Could you please retype exactly the lines from the start of the records below through the line that contains "Komplet dresowy z", both included, and leave out the pictures?

──────────

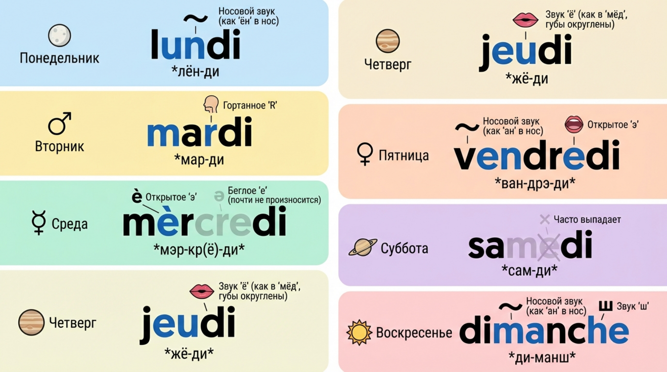 Главная фонетическая ловушка — носовые гласные в словах lundi, mardi, mercredi, jeudi, vendredi. Русскоговорящие студенты часто произносят их как обычные [н] или [м], что грубейшая ошибка. Носовой звук образуется, когда воздух проходит одновременно через рот и нос — буквосочетания -di в конце создают специфический французский оттенок.
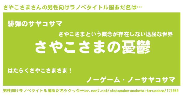 欧米人風あだ名 | 『マイケルさやこさま』 |
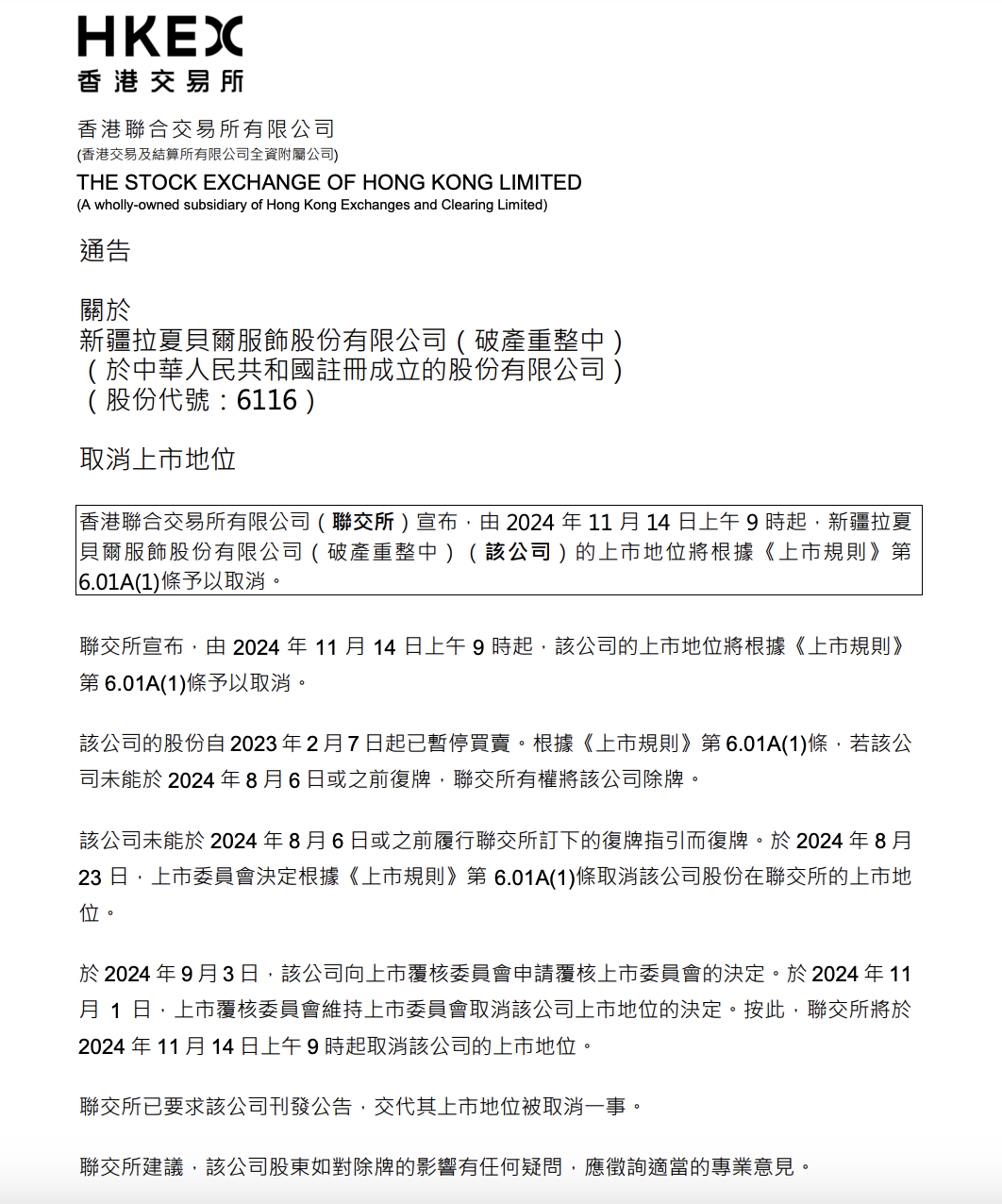 香港联合交易所(以下简称香港联交所)公告显示,由2024年11月14日上午9时起,新疆拉夏贝尔服饰股份有限公司的上市地位将根据《上市规则》第6.01A(1)条予以取消。除此之外,11月13日,拉夏贝尔发布公告称,公司秘书及授权代表黄慧玲已提出辞职。
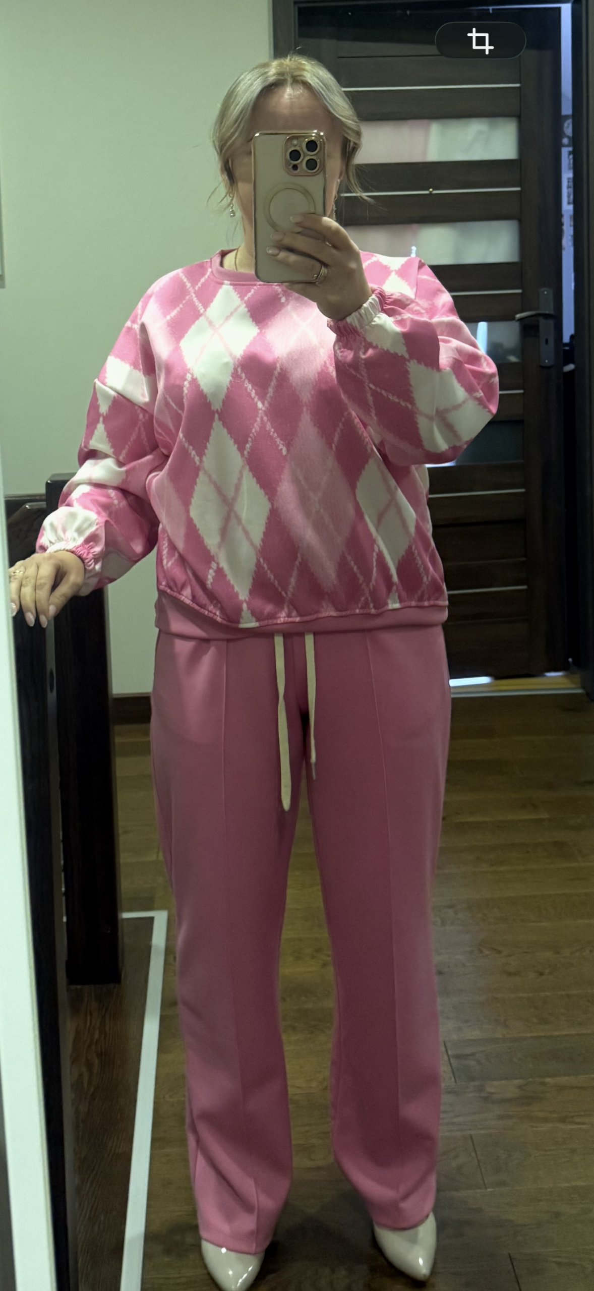 Komplet dresowy z modnym geometrycznym wzorem w romby to idealna propozycja na wiosenne spacery, wyjazdy czy codzienne stylizacje. Nowoczesny fason łączy wygodę z modnym wyglądem.
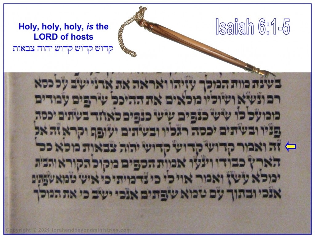 The following photograph is from a Scroll of Isaiah written in Russia early in the 20th century. The Scripture shown is Isaiah 6:1-5.

──────────

> [ANSWER TO THIS EXERCISE]:
 Главная фонетическая ловушка — носовые гласные в словах lundi, mardi, mercredi, jeudi, vendredi. Русскоговорящие студенты часто произносят их как обычные [н] или [м], что грубейшая ошибка. Носовой звук образуется, когда воздух проходит одновременно через рот и нос — буквосочетания -di в конце создают специфический французский оттенок.
 欧米人風あだ名 | 『マイケルさやこさま』 |
 香港联合交易所(以下简称香港联交所)公告显示,由2024年11月14日上午9时起,新疆拉夏贝尔服饰股份有限公司的上市地位将根据《上市规则》第6.01A(1)条予以取消。除此之外,11月13日,拉夏贝尔发布公告称,公司秘书及授权代表黄慧玲已提出辞职。
 Komplet dresowy z modnym geometrycznym wzorem w romby to idealna propozycja na wiosenne spacery, wyjazdy czy codzienne stylizacje. Nowoczesny fason łączy wygodę z modnym wyglądem.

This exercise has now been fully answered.